The Federal Communications Commission released more than 300 pages of Internet regulations Thursday, which critics say will increase the cost of Internet and slow improvements.
The regulations, which include “net neutrality” rules, were called for by President Obama and approved by a 3-to-2 vote of FCC commissioners. Opponents say the regulations are an illegal bureaucratic power grab, and that if they are allowed to stand in court they will do harm.
“The consequences: higher broadband prices, slower speeds… less innovation, and fewer options for American consumers,” Ajit Pai, a commissioner at the FCC, said in his dissent.
So in plain English, what is in all the 317 pages of new rules?
Paves the way for new taxes
The regulations talk about a new tax on Internet providers in a positive light, noting it could add “to the stability of the universal service fund,” which subsidizes building connections in unprofitable areas.
The new regulations pave the way for new taxes, because they define Internet service providers as “public utilities” – which could subject them to the many taxes levied on phone service companies.
A decision whether to impose the taxes has been deferred to a future regulatory proceeding.

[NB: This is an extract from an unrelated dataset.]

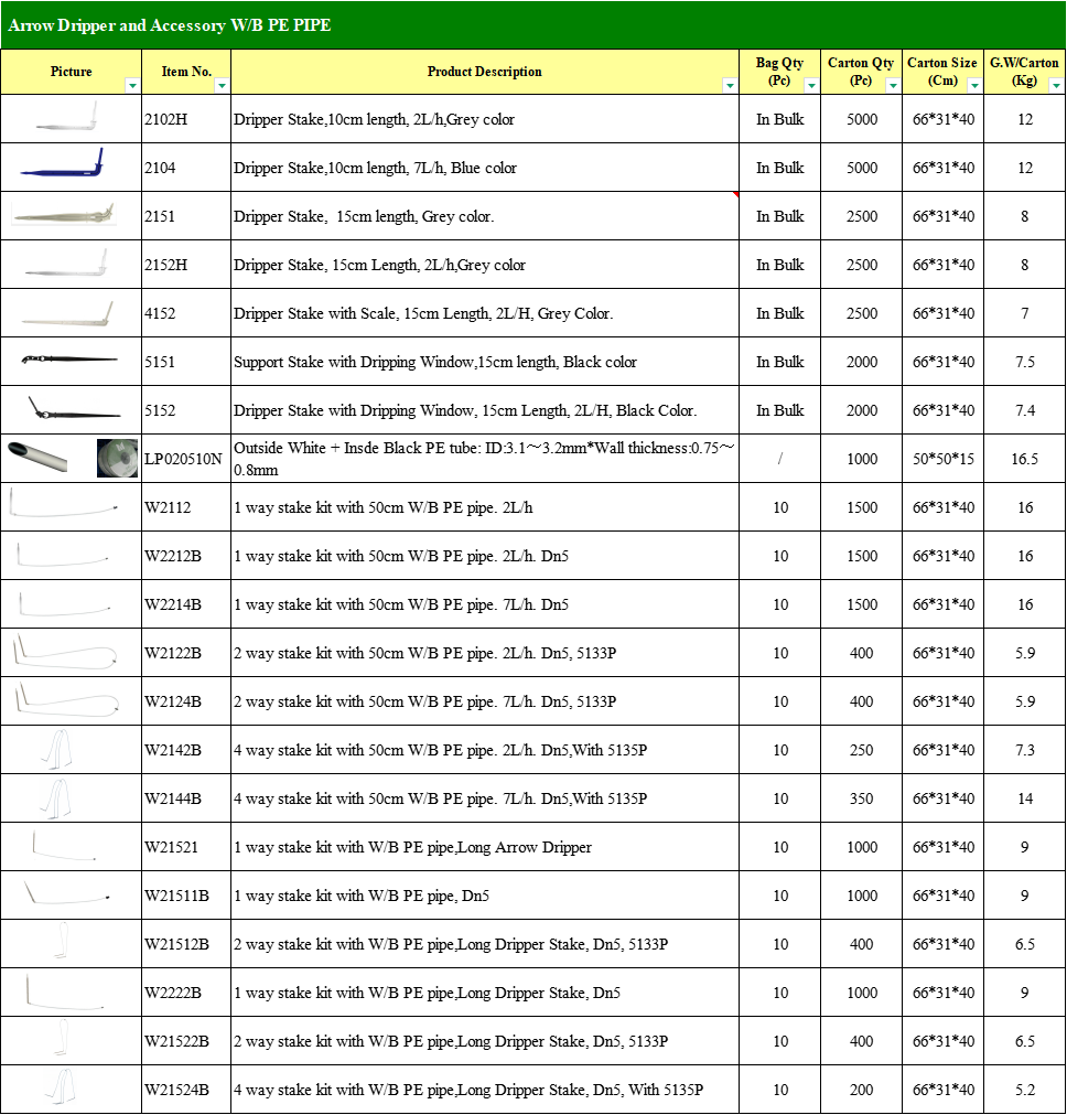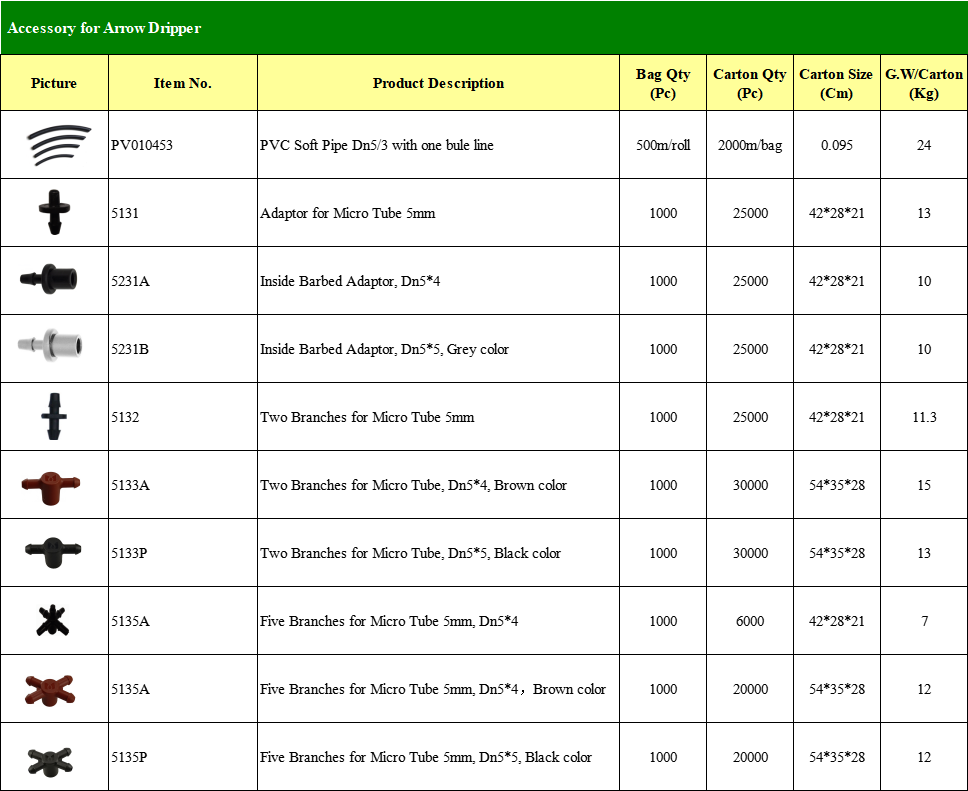 2. Arrow Dripper dihubungkan dengan pipa PVC lunak Dn5/3mm dan adaptor, juga dapat dihubungkan dengan rakitan Multi-outlet untuk mendapatkan beberapa ou

Many say it is likely.
“The federal government is sure to tap this new revenue stream soon to spend more of consumers’ hard-earned dollars,” Commissioner Pai wrote.
Policy experts also worry.
"We are more worried than ever about the likely tax consequences from reclassification,” economists Hal Singer of the center-left Progressive Policy Institute and Robert Litan of the Brookings Institution said in a statement to FoxNews.com.
Limits on cheap prepaid Internet service
The FCC declares that it has the power to kill Internet plans that don’t offer unlimited service (such as a cell phone plan the limits Internet use to a certain amount.)
“These plans have enabled millions of low income households to have mobile service,” dissenting Commissioner Pai wrote. “[But] if a company doesn’t want to offer an expensive, unlimited data plan, it could find itself in the FCC’s cross hairs.”
The FCC did not declare the practice illegal, but said regulators would rule on a “case-by-case” basis going forward.
Commissioner Pai worries that could be bad news for people with cheap, limited-service plans.
“Our standard should be simple: If you like your current service plan, you should be able to keep your current service plan,” Pai wrote.
Limits on expanding Internet coverage
Internet companies looking to add capacity will now have to get permission from the FCC.
Commissioner Pai notes: “If one Internet service provider wants to follow in the footsteps of Google Fiber and enter the market incrementally, the FCC may say no. If another wants to upgrade the bandwidth of its routers at the cost of some latency, the FCC may block it.”
The regulations include “net neutrality” rules – which were the main impetus for the new policies. The new rules ban, for instance, a company like Netflix from paying a cable company like Comcast extra money to give its content faster speed. Many worried that if deals like that were ever to happen, it could mean slower service for other websites that didn’t pay a premium. That is now banned. It also stops cable companies from blocking legal Internet content the carrier might not like.
President Obama praised the new regulations.
“Today's FCC decision will protect innovation and create a level playing field for the next generation of entrepreneurs,” he said, noting that some 4 million Americans had written in asking for this regulation.
Dissenting commissioner Pai blames the President for all the new regulations.
“Why is the FCC turning its back on Internet freedom? Is it because we now have evidence that the Internet is not open? No… We are flip-flopping for one reason and one reason alone. President Obama told us to do so,” he said.
But others are happy with the rules.
“This is a win for Team Internet!” the Electronic Frontier Foundation announced on its website. Prohibitions on blocking, throttling, and paid prioritization will go a long way towards protecting Internet users,” the group said.
The FCC left many questions about what cable companies may and may not do open-ended.
Commissioner Pai writes: “How will this all be resolved? No one knows… businesses will have to decide for themselves — with… high-priced attorneys and accountants — whether to take a risk.”
Some policy experts agreed.
“Now we shall remain mired in endless lawsuits,” Wayne Crews, vice president of policy at the libertarian Competitive Enterprise Institute, told FoxNews.com.
“The issuance of these 300 pages of rules was an illegitimate, unconstitutional grab of congressional power by unelected bureaucrats,” he said.
“The task now is for Congress not to just react to the net neutrality rules but to go much further and shut down this agency and its outrages.”